Technology companies raise funds by selling shares of company to external investors through acquisition transactions. Digital assets form an important part of technology companies that add immense value to their business valuation. Innovators protect digital assets by way of patent protection to ensure that inventive products provide strategic business advantage. As an example in India, Jio Platforms have raised significant investment through various investors including the likes of Google and Facebook. Jio Platforms are made up of digital assets of Reliance Group above its basic connectivity assets. Besides mobile, broadband, and enterprise solutions, Jio Platforms have properties with video content, music, natural language processing, regional language technology, and e-governance. The digital experience of Reliance Groups is owned by Jio Platforms and it certifies the monetization of the customer base for multiple revenue streams. Thus, the Jio Platforms business model is non-linear.
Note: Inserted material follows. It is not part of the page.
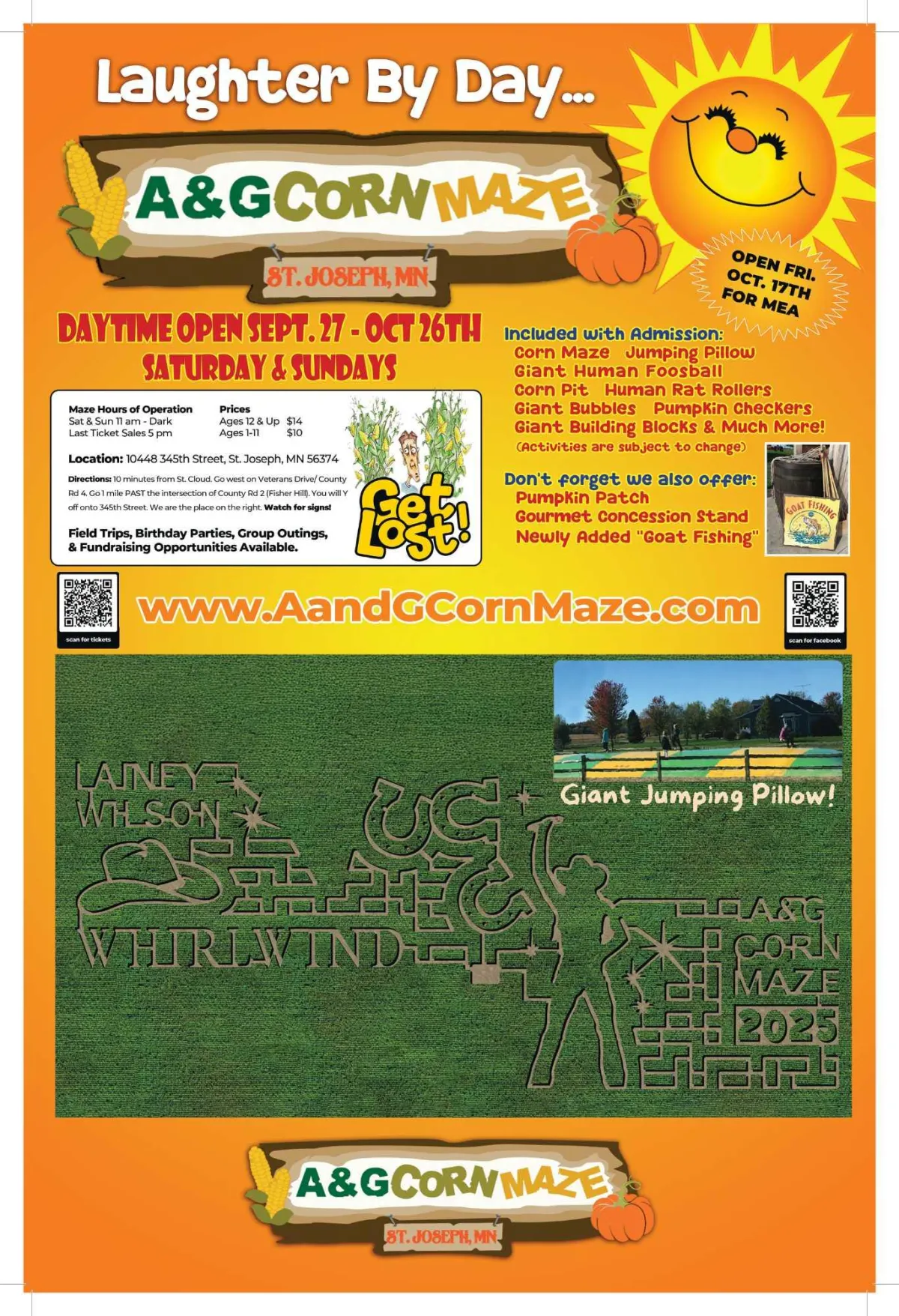 Paid admission includes one day of unlimited access to our corn maze, Giant Jumping Pillow, Human Hamster Wheels, Human Foosball, pumpkin checkers, making giant bubbles, seeing farm animals*, corn pit, heated building, free parking, and more.

Reliance Industries undertook three major deals to economize its share in Jio Platforms, the digital property of Reliance Group. Jio Platforms has over 50% of the valuation of the Reliance group and while Facebook is a business synergy with Jio, Silver Lake, and Vista Equity are PE funds. The Facebook agreement authorized Jio Platforms to leverage the Indian Facebook and WhatsApp community to empower smart trade. With “Jio Meet”, the platform aims to build super apps as its Asian subparts like Alibaba and Tencent have successfully done. This is the greatest investment deal for a minority stake through a technology enterprise in the world and is the greatest FDI funding in the technological area in India. The deal will make Facebook the greatest minority shareholder of Jio after the deal receives the regulatory approvals and will make Jio Platforms amongst the best 5 listed businesses in India by way of market capitalization.
Private Equity (PE) investors generally retain a 10% to 25% investment in the share capital of a business and the major investment is mainly held by the promoters. There has existed a surge in promoters amassing a minority interest in the group, with the capital framework of the enterprise being distributed to several investors. Where the PE investors need to attain a controlling share, promoters maintain between 10% to 25%. It is also familiar for PE investors to maintain a significant minority investment in the business.
American social media and technology colossus, Facebook aims at investing ₹43,574cr for a 9.99% investment in Jio Platforms, an associate of Reliance Industries Ltd (RIL). The contract furnishes a pre-enterprise price of ₹4.62trn, with a conversion rate of ₹70 to the mobile communications business. Accordingly, formal safety like council seats, the ability to veto, quorum liberties, information rights, and exit rights have a crucial role in certifying the investor’s rights are safeguarded. Considering the Facebook deal, it is a tremendous undertaking for a minor stake by a technology corporation in the world and is the largest FDI funding in the Indian tech sector. Facebook serves as a major minority shareholder of Jio after the contract is authorized and will rank Jio Platforms in the prime 5 listed Indian companies by market capitalization.
For equity transactions pertaining to minority stake investments in India, there exist various regulatory conditions that are required for private equity firms to invest in companies situated in India:
Companies and institutional investors interested in acquiring minority stakes in Indian companies need to ensure compliance with above-mentioned regulations, as applicable to specific transactions.